But I love my no-calorie artificial sweetener!

For one brief moment, I lost my perspective. I forgot to wear my magic scientific glasses and take a hefty shot of skepticism before glancing at the news headlines dancing across my computer screen. I suddenly felt compelled to throw my favorite type of diet soda across the room (and I really love Coke Zero), toss out my beloved low-fat yogurt made with non-calorie artificial sweetener, collapse in my kitchen and weep about what in the hell I was going to snack on at 3:00 PM when I got really hungry and a little tired.  

You may know what I mean. You might have seen the headlines sometime over the past 12 days.

Headline news

An article was recently published in Nature about artificial sweeteners, microbiota, and glucose intolerance. Here are just a few of the many news articles that I found covering this topic (all accessed on September 18, 2014): 

• Science20.com
• Esciencenews.com
• National Post 

I was hooked by the topic and the titles. But my interest was piqued because the online articles I initially found did not provide a link or even a reference to Nature where the actual original research article was published on September 17, 2014. Instead, all of the articles provided a link to a place I'd never heard of called the Weizmann Institute of Science. This is, apparently, where the researchers work. It is not common practice for journalists reporting on research to only link to the research institution and not provide a link or at least a reference to the actual published research. 

In hot pursuit of the primary research article, I followed the link to the Weizmann Institute of Science and ended up at institute's home page. After selecting "News and Media," I was able to find some information about the specific research topic at the Weizmann Institute of Science - News & Media - Gut Bacteria, Artificial Sweeteners & Glucose Intolerance (accessed on September 18, 2014 and then again on September 29, 2014). The article I found at the institute's web page was a public relations piece about the research. On September 18th, the posting mentioned that the research paper was published in Nature, but there was no way of actually getting to the journal article from the institute's page. 


Not yet willing to admit defeat, I pushed onward. I marched six blocks over to the public library. Once there, I found out that the current year of Nature is only available in print, and that my local library was a little behind (about a week) getting journals processed and out onto the shelves. 

"San Diego Central Library" by Nserrano - Own work. Licensed under Creative Commons Attribution-Share Alike 3.0 via Wikimedia Commons 




I left the beautiful public library feeling a bit frustrated, but still not defeated. I kept searching and eventually got a copy of the article. I won't say how.
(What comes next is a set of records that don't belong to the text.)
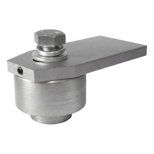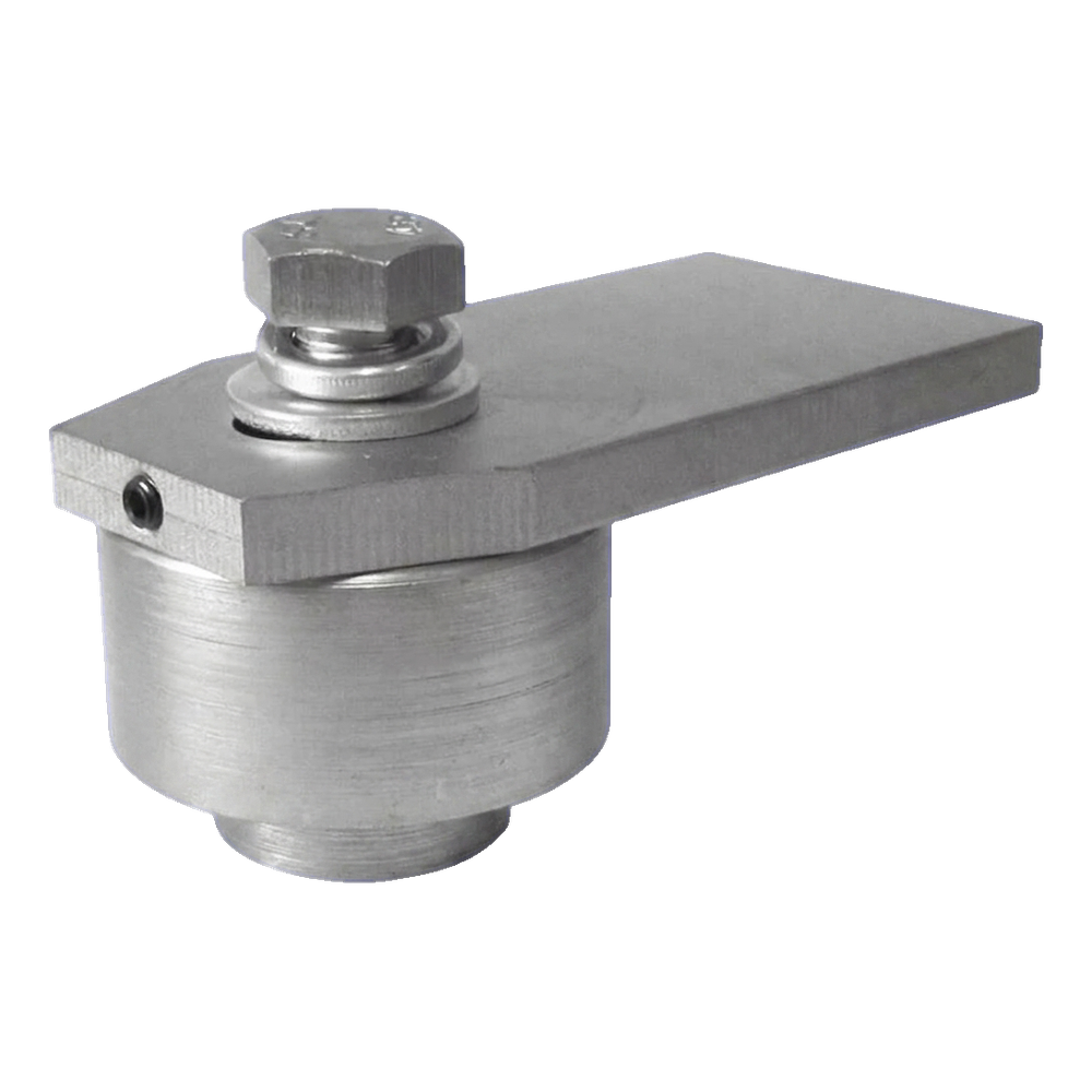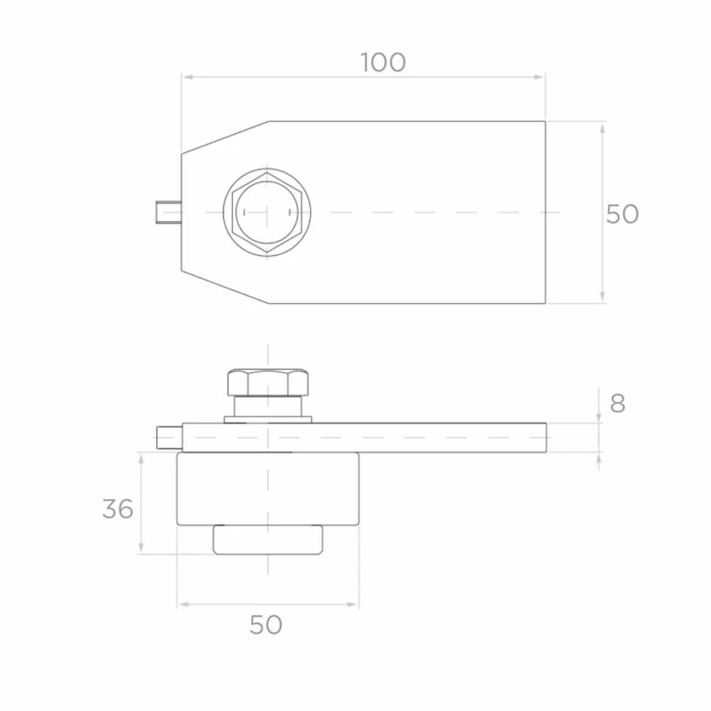 La charnière se monte comme élément supérieur du vantail de portail ou de portillon. La plaque de fixation plate de dimensions 100 × 50 mm permet un vissage stable sur le poteau ou le cadre. La construction à roulement minimise la friction et assure un fonctionnement silencieux et régulier du vantail — ce qui est particulièrement important pour les portails de grande masse exploités plusieurs fois par jour.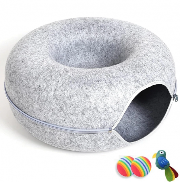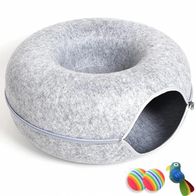 Cat Cave for Indoor Cats, Large Donut Tunnel Bed, Peekaboo Cave With 3 Toys, Scratch Resistant Bed for Cats up to 24 Lbs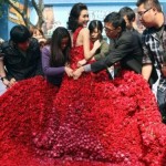 Proposta di matrimonio da record: lui fa realizzare un vestito con 9999 rose rosse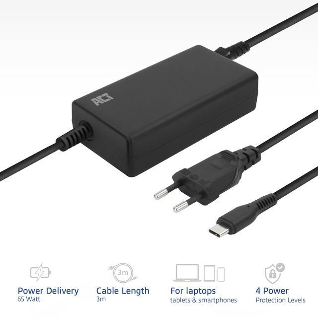 Laptop Oplader ACT USB-C Power Delivery 65W 3mtr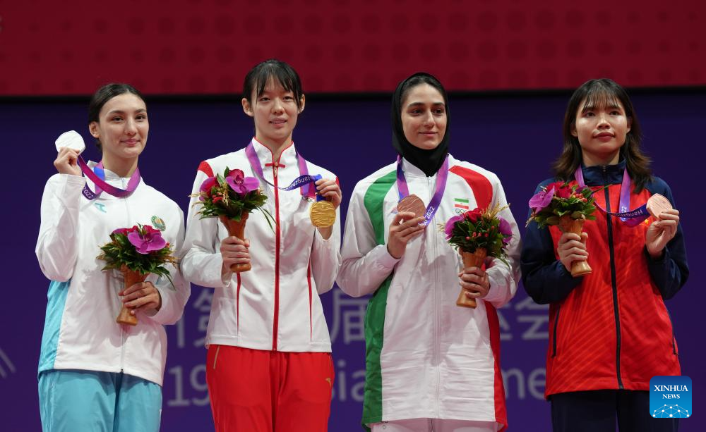 Gold medalist Song Jie (2nd L) of China, silver medalist Feruza Sadikova (1st L) of Uzbekistan, bronze medalist Bac Thi Khiem (1st R) of Vietnam and Melika Mirhosseini Vakili of Iran attend the awarding ceremony for the Women's 67kg contest of Taekwondo at the 19th Asian Games in Hangzhou, east China's Zhejiang Province, Sept. 27, 2023. (Xinhua/Jiang Wenyao)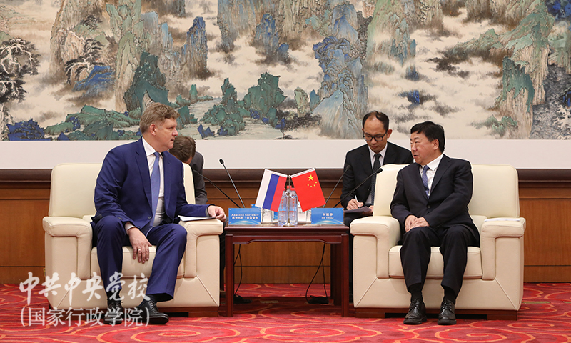 何毅亭表示,今年是中俄建交70周年,在習近平主席和普京總統的引領下,兩國友好關系始終保持高水平運行,建立了特殊友誼,成為當前大國關系的典范。他向俄方簡要介紹了中央黨校(國家行政學院)的歷史沿革、基本職能等情況,重點介紹了校(院)開展各類干部培訓的內容、形式、目標和經驗做法。他表示,開放辦學是校(院)的重要特色,希望以謝雷舍夫此次來訪為契機,推動校(院)與俄羅斯聯邦總統國民經濟與國家行政學院等機構擴大在干部培訓和學術研究等領域的合作交流。他還應詢回答了中國的干部管理體制、干部培養及評價機制等俄方關切的議題。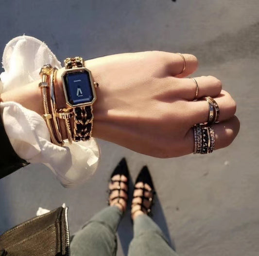 RARE☆☆☆☆CHANEL Matelassé Première Quartz Watch S Size Gold & Black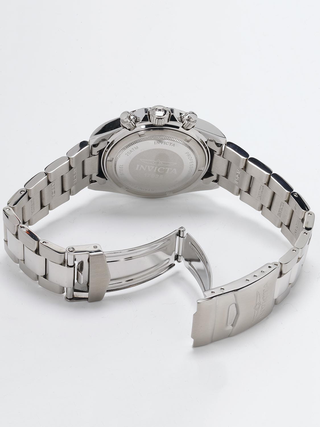Браслет выполнен из нержавеющей стали и оснащен раскладывающейся застежкойРаскладная застёжкаТакой тип застёжки используется только на браслетах из металла. Она никогда не раскрывается полностью, происходит разделение на 2 и более частей. Раскладывающая застёжка снизит вероятность потери часов к минимуму. с системой блокировки, обеспечивающей комфортную фиксацию на запястье. Часы обладают водозащитой до 200 метров, что делает их подходящими для плавания, ныряния и других водных видов спорта.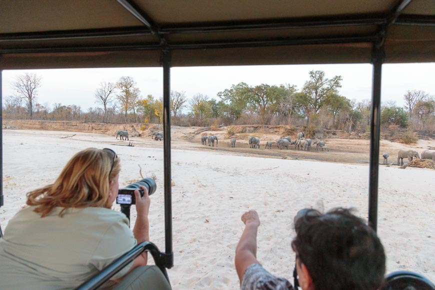 The following day, in the late evening, we spent over an hour at a waterhole that had been dominated by lions from the morning. Elephants were piling up in the bush, hoping to get access to drink, but were held back. Eventually, as it was getting dark, a brave cow brought her family out and they charged the lions, displacing them and allowing 20-30 other elephants access to the water!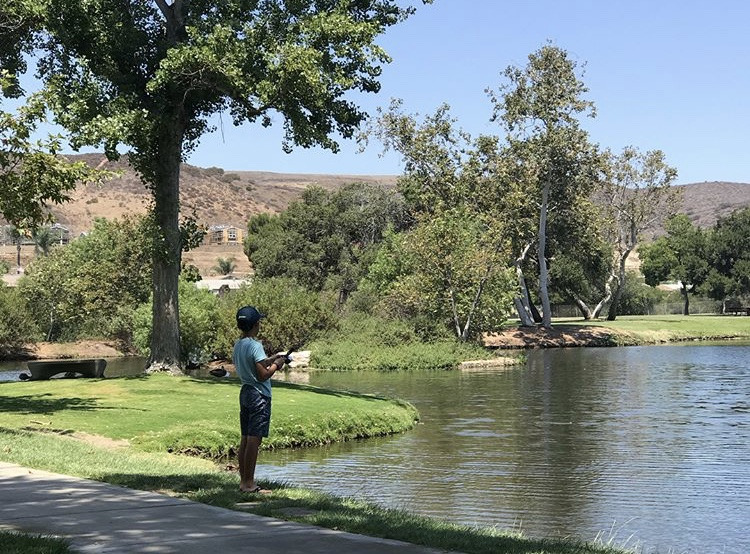 낚시를 내내 벼르고 있었던 아들을 위해, 호숫가 낚시터에서 작은 낚싯대를 하나 사고, 낚시 펄밋도 끊었다.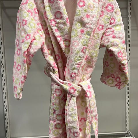 Tyttöjen kylpytakki. Väri kirkas pinkki. Ehjä. Siisti. Muutama yksittäinen pieni langannousu.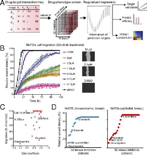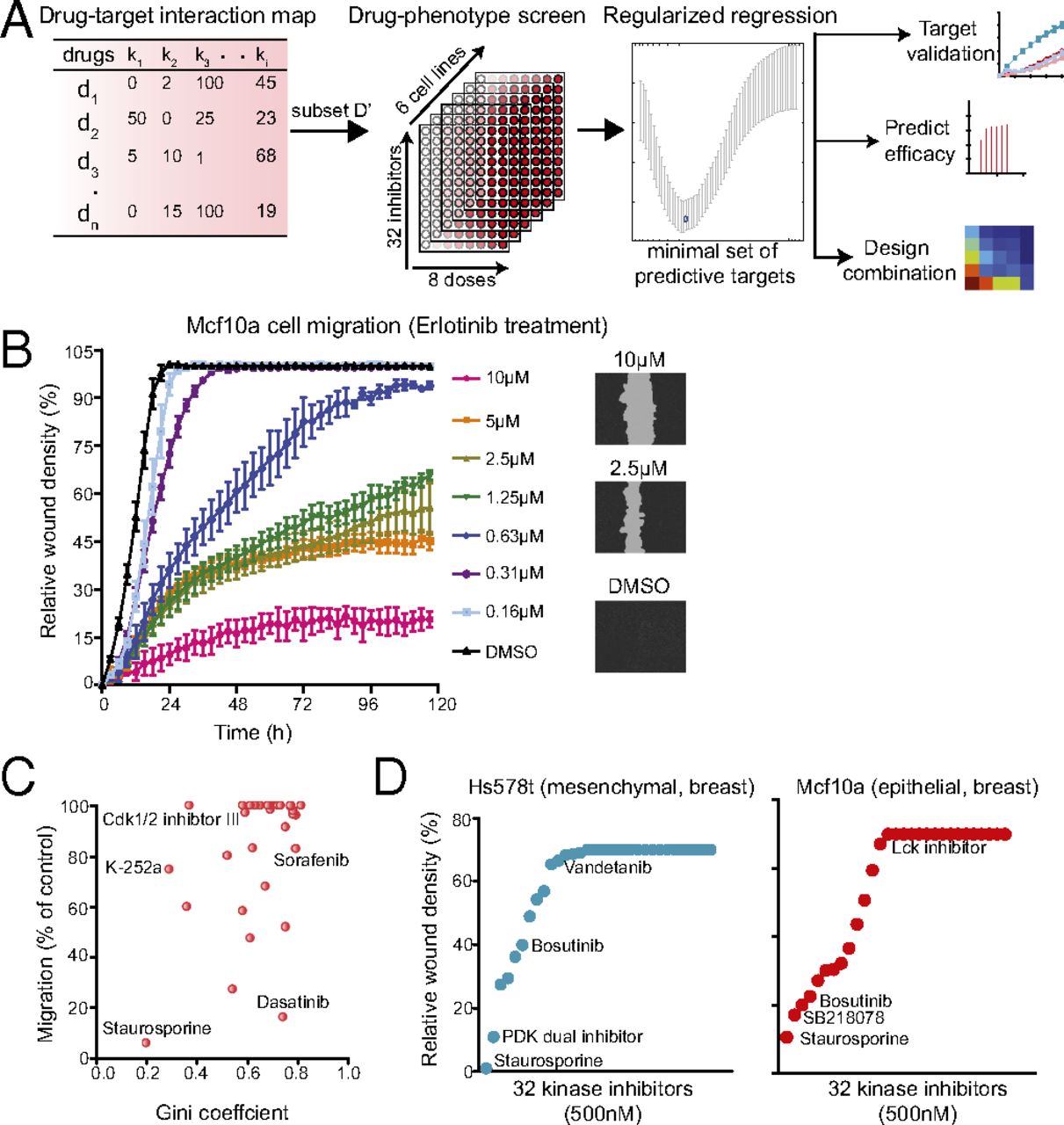 Fig. 2. An ensemble approach of exploiting polypharmacology for kinase drug target deconvolution. (A) A schematic showing our approach of using a combination of drug-target interaction map, drug phenotypic screen, and regularized regression to exploit the polypharmacology of drugs to identify drug targets, predict efficacy, and rationally design combination therapy. (B) A real-time quantitative phenotypic method to measure cell migration using the scratch wound assay. A plot of relative wound density of Mcf10a cells treated with varying doses of Erlotinib. (Right) Representative images of cells with wound area are also shown. (C) A plot of Gini score of all 32 kinase inhibitors and their effect on relative migration in FOCUS cells. (D) Plots showing the effect of 32 kinase inhibitors on cell migration in Hs578t (mesenchymal) and Mcf10a (epithelial) breast cell lines.

As of September 29, 2014, I can report that there is an active link to the peer-reviewed journal article in Nature on the Weizmann Institute of Science website through the News & Media section.

I also came across a promotional article at Nature.com (accessed September 29, 2014). I don't know for sure, but I am willing to guess that this is the post that led to the media frenzy.

What does "microbiota" mean?

• Microbiota refers to microorganisms living in a particular site, such as the gut. 

• Sometimes, microbiota in the gut are referred to as commensal flora or commensal bacteria. 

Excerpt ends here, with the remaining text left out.